BOONE COUNTY, Ky. — A Boone County High School graduate played an important role in NASA’s successful Artemis II mission.
Dr. Taylor Schlotman, who graduated from Boone County High School in 2009, served as a human performance engineer at NASA’s Johnson Space Center in Houston, Texas. Her alma mater celebrated her contributions in a Facebook post.
"From Boone County High School to the forefront of human spaceflight, we are proud to call her a BCHS graduate — proof that hard work, passion and perseverance can take you anywhere," the school wrote. "The sky truly is the limit."
The post also shared photos showing Schlotman greeting the Artemis II crew after they returned to Earth. The photos show Schlotman on a tarmac, shaking hands with Mission Specialist Jeremy Hansen and embracing Pilot Victor Glover.

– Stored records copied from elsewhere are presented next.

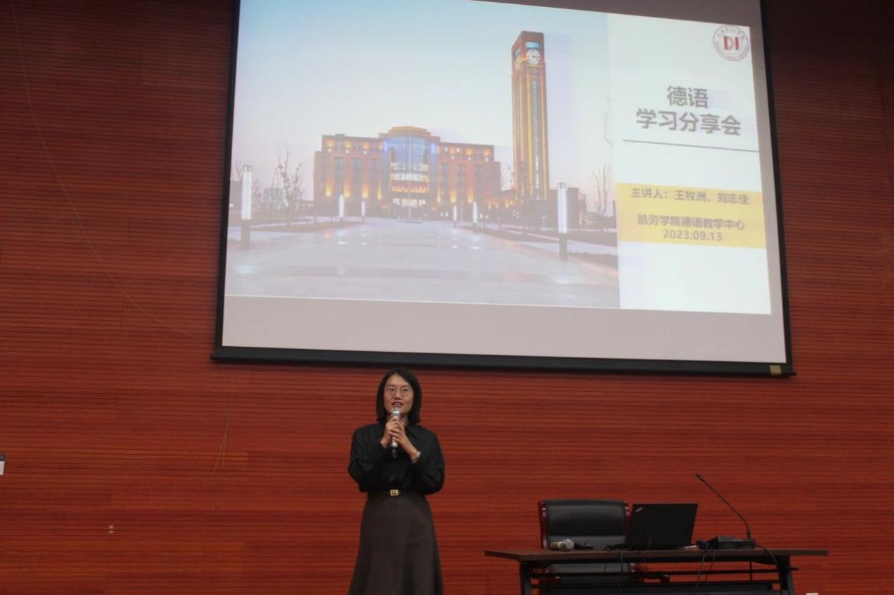 接着,刘志佳老师为大一同学介绍了德语国家和德语文化。刘老师提到,德语的学习比英语学习要简单,但要学好德语仍需要同学付出时间和精力。在3044永利集团老师的带领下,相信同学们一定能学好德语,开创美好的未来。
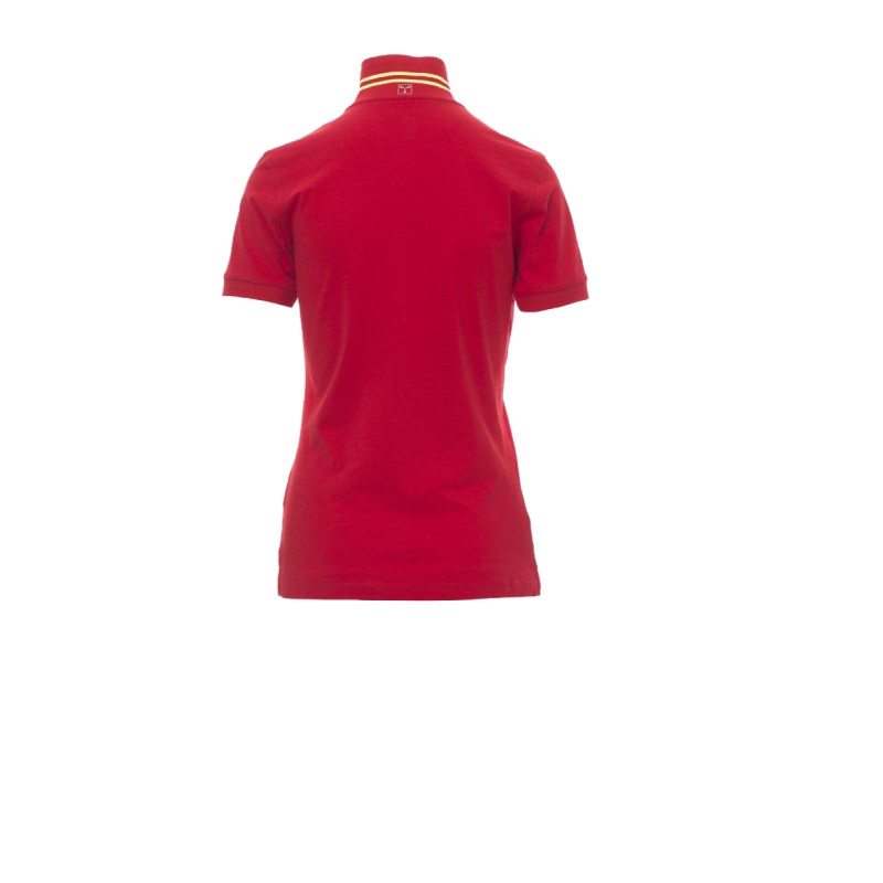 Polo femme, coupe cintrée, à manches courtes et 6 boutons teinte assortie effet nacré, rayures contrastées d'un côté du col et rayures fluorescentes de l'autre, visibles uniquement avec col remonté. Col et bord des manches en bord-côte, manche droite avec fin insert, fentes latérales et coutures du col couvertes avec ruban fluo, étiquette transfert.
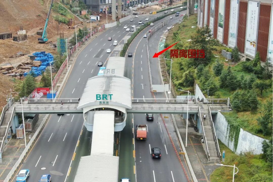 施工隔离区域从BRT渔安站开始,一直延伸至渔安立交上北京东路的匝道上,施工长度约300米,施工路段最窄处只有两车道可以通行。

According to NASA, a human performance engineer researches and applies knowledge of human capabilities, limitations and behaviors to optimize astronauts’ health, safety and productivity. This work includes helping to design and test technologies for use by astronauts in aerospace environments.

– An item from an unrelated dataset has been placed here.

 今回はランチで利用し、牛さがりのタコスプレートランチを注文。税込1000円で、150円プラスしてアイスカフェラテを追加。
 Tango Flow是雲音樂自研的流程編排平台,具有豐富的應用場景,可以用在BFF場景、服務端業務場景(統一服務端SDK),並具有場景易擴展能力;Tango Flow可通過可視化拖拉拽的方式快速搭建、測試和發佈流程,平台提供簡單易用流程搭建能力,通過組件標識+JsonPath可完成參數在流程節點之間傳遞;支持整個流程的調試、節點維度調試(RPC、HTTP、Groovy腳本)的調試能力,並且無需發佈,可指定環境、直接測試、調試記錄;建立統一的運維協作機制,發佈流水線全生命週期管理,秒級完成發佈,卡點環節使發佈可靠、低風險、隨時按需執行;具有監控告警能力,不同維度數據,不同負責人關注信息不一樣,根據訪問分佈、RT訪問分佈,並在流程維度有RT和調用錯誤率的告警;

Artemis II marks NASA’s inaugural crewed mission within the ‘Artemis’ initiative, which aims to send humans back to the Moon. The flight was the first human lunar mission since 1972, in addition to being the furthest distance humans have ever traveled from Earth.

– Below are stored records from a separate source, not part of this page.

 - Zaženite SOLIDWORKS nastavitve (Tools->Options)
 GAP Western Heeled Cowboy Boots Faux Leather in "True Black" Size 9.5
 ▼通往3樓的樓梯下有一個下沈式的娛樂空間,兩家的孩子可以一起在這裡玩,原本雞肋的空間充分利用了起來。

NASA’s Orion Spacecraft blasted off from the Kennedy Space Center in Florida on April 1, sending four astronauts—Americans Reid Wiseman, Victor Glover, and Christina Koch and Canadian Jeremy Hansen—on a mission during which they successfully flew around the Moon and back. The crew safely completed the mission on April 10, when the Orion splashed down in the Pacific Ocean off the coast of California.